Across the whole listing, return each line exactly, with no images included.

- **Exercise input**:
"""
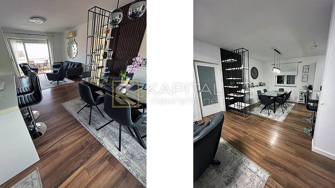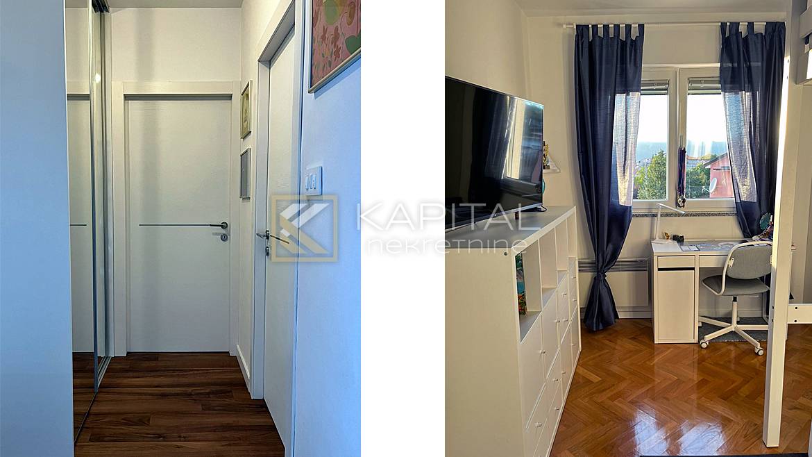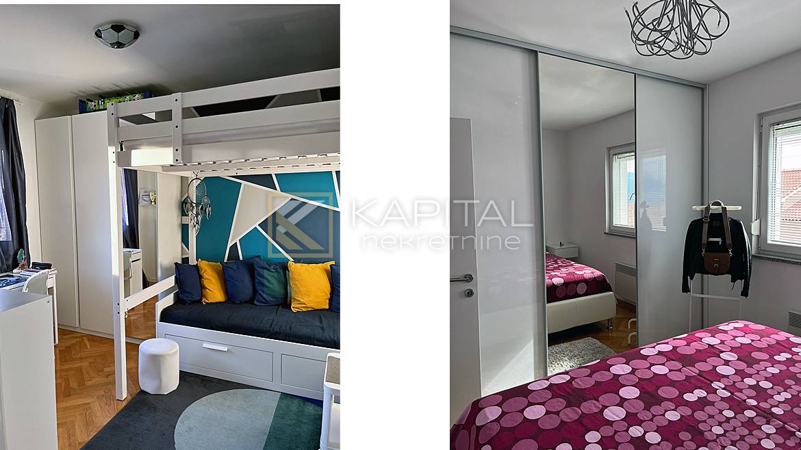 Opis: Prodaje se moderan stan s pogledom na more. Stan se sastoji od dnevnog boravka, kuhinje/blagavaone, kupaone i zasebnog WC-a, tri spavaće sobe, balkona ukupne površine 91 m2, te drvarnice od 6 m2. Stan se prodaje kompletno namješten. Pripadaju mu i dva parkirna mjesta ispred zgrade. Grijanje je riješeno radijatorima na struju i klimom, te ima i optički internet. Vlasništvo je uredno i bez tereta! Za sve informacije nazovite +385 99/2196-354
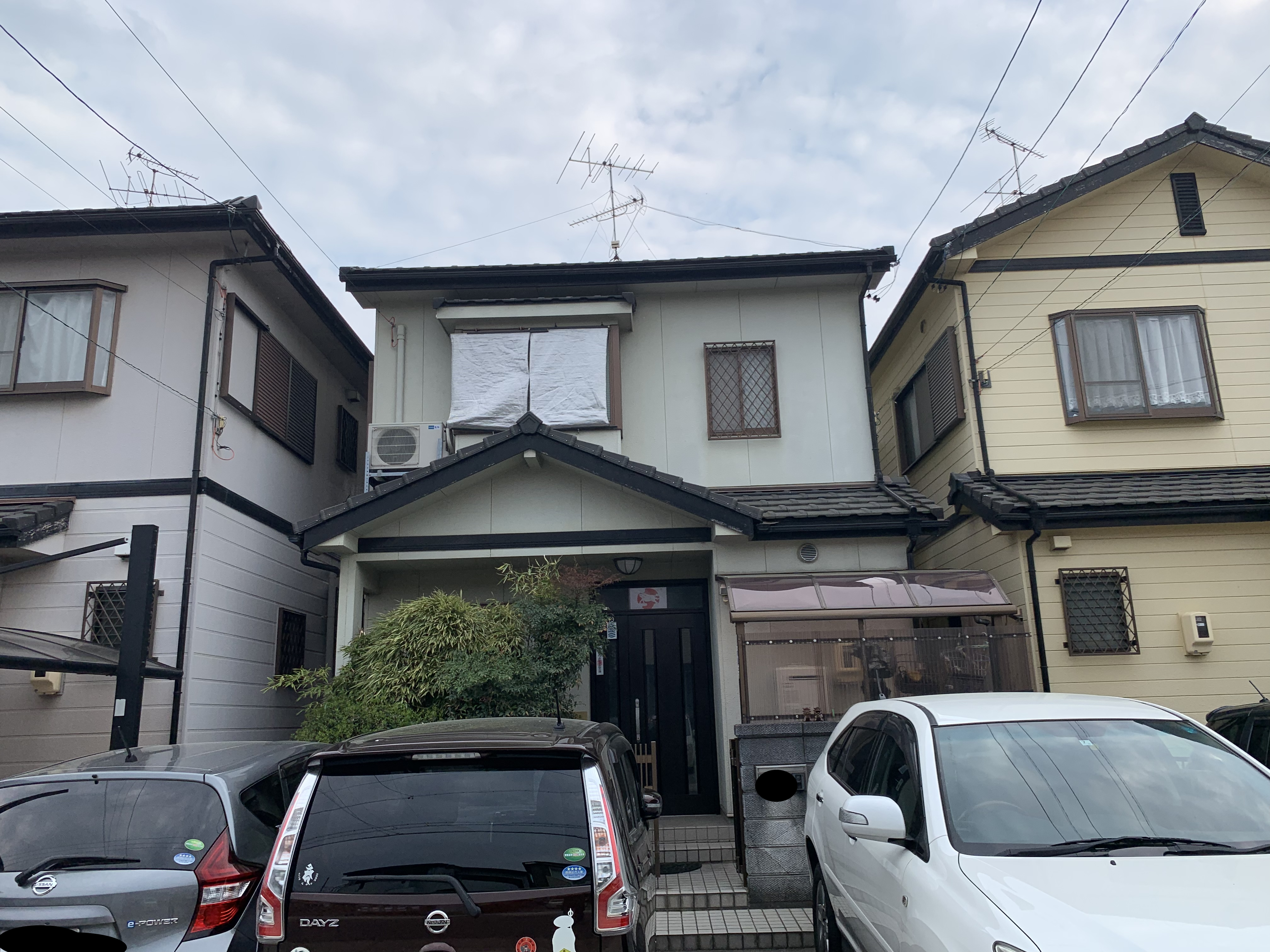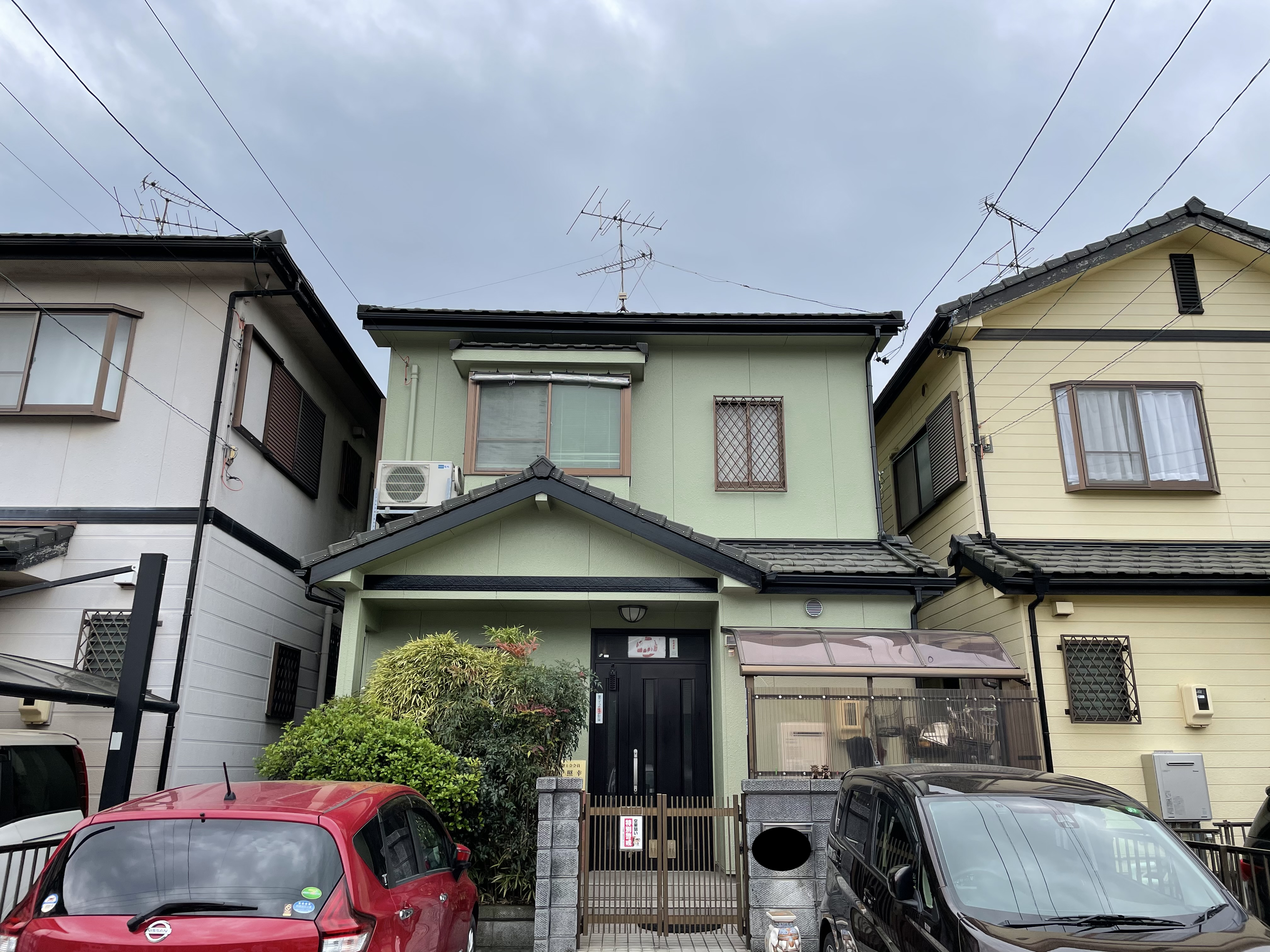 こちらのお宅は破風板の塗装が剥がれて施主様が気にしておられたので、旧塗膜をしっかりケレンして、下地調整材を塗布し強固な塗膜を形成することに注力して塗装工事を行いました。木部の塗装は膨れや剥がれが起きやすく、アフターのご依頼が来やすい部位になるので、そうならないように丁寧に作業しました。また瓦が経年劣化で釘が緩くなりでグラグラしていた為、釘をパッキンビスで全部交換させて頂きました。
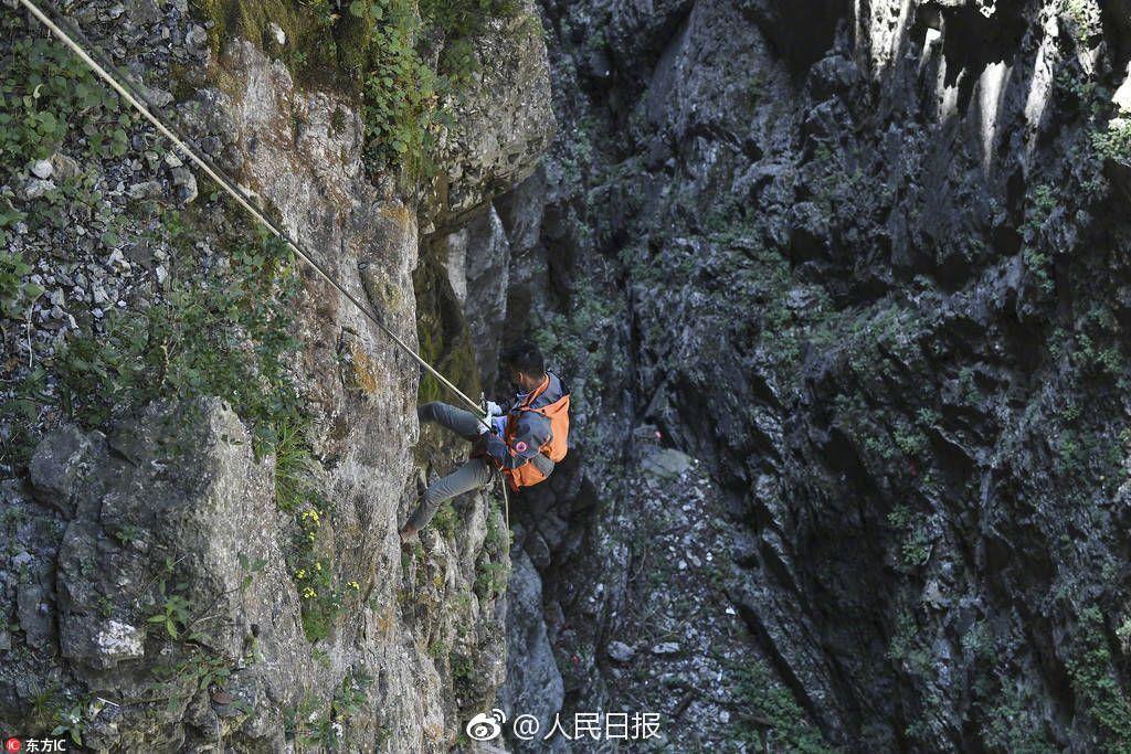 他们经常吊着绳索下到悬崖峭壁下,
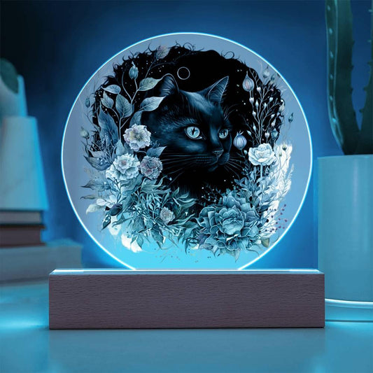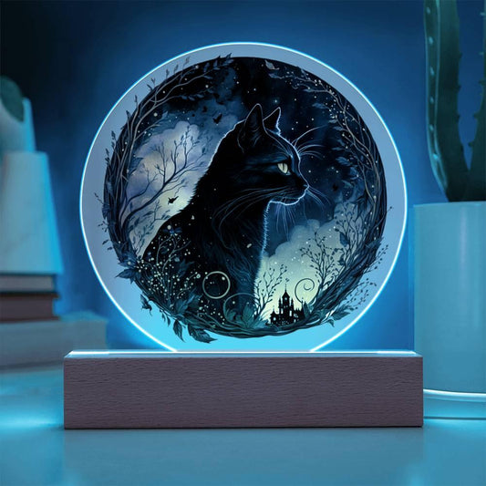 Moonlit Mystery: Black Cat Acrylic Plaque Showcase
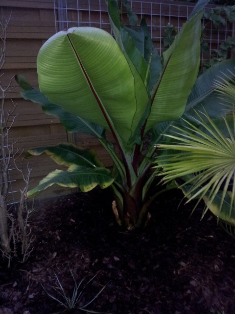 Ik heb in mijn tropituin 2 bananen een Musa Basjoo met pups en een ensete ventricosum "Maurelli"
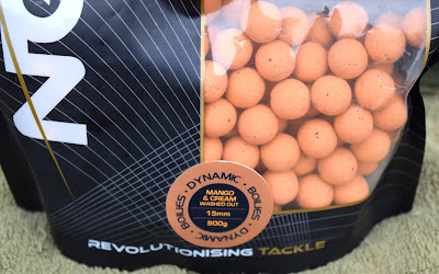 15-20 stycken 15 mm boilies från NGT´s fina range, spridd runt varje rigg och dagens val blev Mango and Cream i orange washed out färg, söta och fruktiga dofter gillar jag, när tempen sjunker i vattnet.
"""
- **Finished task**:
 Opis: Prodaje se moderan stan s pogledom na more. Stan se sastoji od dnevnog boravka, kuhinje/blagavaone, kupaone i zasebnog WC-a, tri spavaće sobe, balkona ukupne površine 91 m2, te drvarnice od 6 m2. Stan se prodaje kompletno namješten. Pripadaju mu i dva parkirna mjesta ispred zgrade. Grijanje je riješeno radijatorima na struju i klimom, te ima i optički internet. Vlasništvo je uredno i bez tereta! Za sve informacije nazovite +385 99/2196-354
 こちらのお宅は破風板の塗装が剥がれて施主様が気にしておられたので、旧塗膜をしっかりケレンして、下地調整材を塗布し強固な塗膜を形成することに注力して塗装工事を行いました。木部の塗装は膨れや剥がれが起きやすく、アフターのご依頼が来やすい部位になるので、そうならないように丁寧に作業しました。また瓦が経年劣化で釘が緩くなりでグラグラしていた為、釘をパッキンビスで全部交換させて頂きました。
 他们经常吊着绳索下到悬崖峭壁下,
 Moonlit Mystery: Black Cat Acrylic Plaque Showcase
 Ik heb in mijn tropituin 2 bananen een Musa Basjoo met pups en een ensete ventricosum "Maurelli"
 15-20 stycken 15 mm boilies från NGT´s fina range, spridd runt varje rigg och dagens val blev Mango and Cream i orange washed out färg, söta och fruktiga dofter gillar jag, när tempen sjunker i vattnet.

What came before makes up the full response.